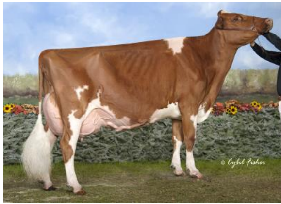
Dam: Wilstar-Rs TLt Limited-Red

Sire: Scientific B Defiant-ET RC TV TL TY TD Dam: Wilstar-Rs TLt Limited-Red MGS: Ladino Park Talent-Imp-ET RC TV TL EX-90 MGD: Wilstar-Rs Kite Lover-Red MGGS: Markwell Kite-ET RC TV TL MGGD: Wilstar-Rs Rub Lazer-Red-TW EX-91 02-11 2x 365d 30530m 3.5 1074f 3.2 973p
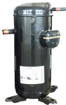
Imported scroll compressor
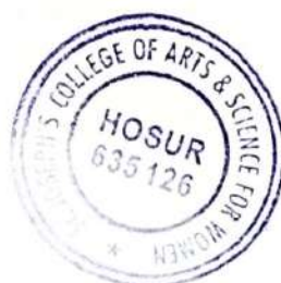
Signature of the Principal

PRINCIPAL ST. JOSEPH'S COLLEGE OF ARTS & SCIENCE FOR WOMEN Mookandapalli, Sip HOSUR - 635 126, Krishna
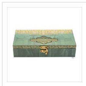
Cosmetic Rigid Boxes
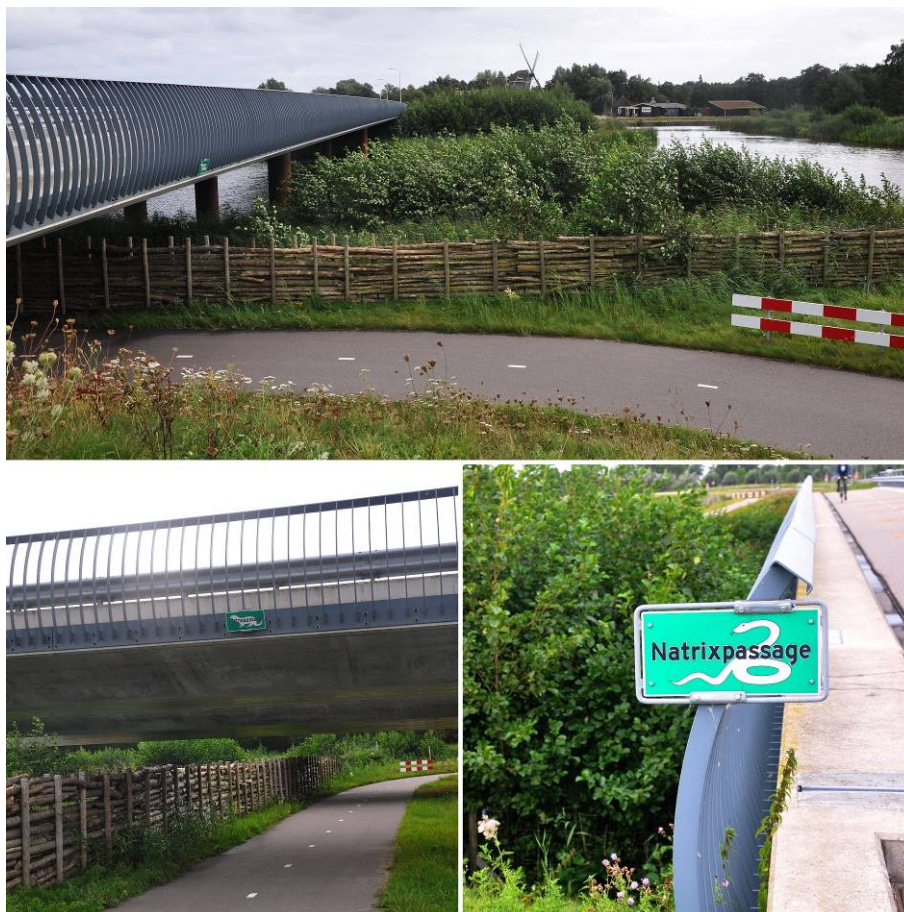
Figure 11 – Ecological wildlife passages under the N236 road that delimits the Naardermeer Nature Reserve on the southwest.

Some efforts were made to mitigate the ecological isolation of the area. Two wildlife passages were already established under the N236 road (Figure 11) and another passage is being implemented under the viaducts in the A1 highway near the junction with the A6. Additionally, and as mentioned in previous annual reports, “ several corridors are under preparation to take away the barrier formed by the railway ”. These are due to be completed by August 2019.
------------------------------
Set the preceding data down again word for word, omitting images.

Dam: Wilstar-Rs TLt Limited-Red

Sire: Scientific B Defiant-ET RC TV TL TY TD Dam: Wilstar-Rs TLt Limited-Red MGS: Ladino Park Talent-Imp-ET RC TV TL EX-90 MGD: Wilstar-Rs Kite Lover-Red MGGS: Markwell Kite-ET RC TV TL MGGD: Wilstar-Rs Rub Lazer-Red-TW EX-91 02-11 2x 365d 30530m 3.5 1074f 3.2 973p
Imported scroll compressor
Signature of the Principal

PRINCIPAL ST. JOSEPH'S COLLEGE OF ARTS & SCIENCE FOR WOMEN Mookandapalli, Sip HOSUR - 635 126, Krishna
Cosmetic Rigid Boxes
Figure 11 – Ecological wildlife passages under the N236 road that delimits the Naardermeer Nature Reserve on the southwest.

Some efforts were made to mitigate the ecological isolation of the area. Two wildlife passages were already established under the N236 road (Figure 11) and another passage is being implemented under the viaducts in the A1 highway near the junction with the A6. Additionally, and as mentioned in previous annual reports, “ several corridors are under preparation to take away the barrier formed by the railway ”. These are due to be completed by August 2019.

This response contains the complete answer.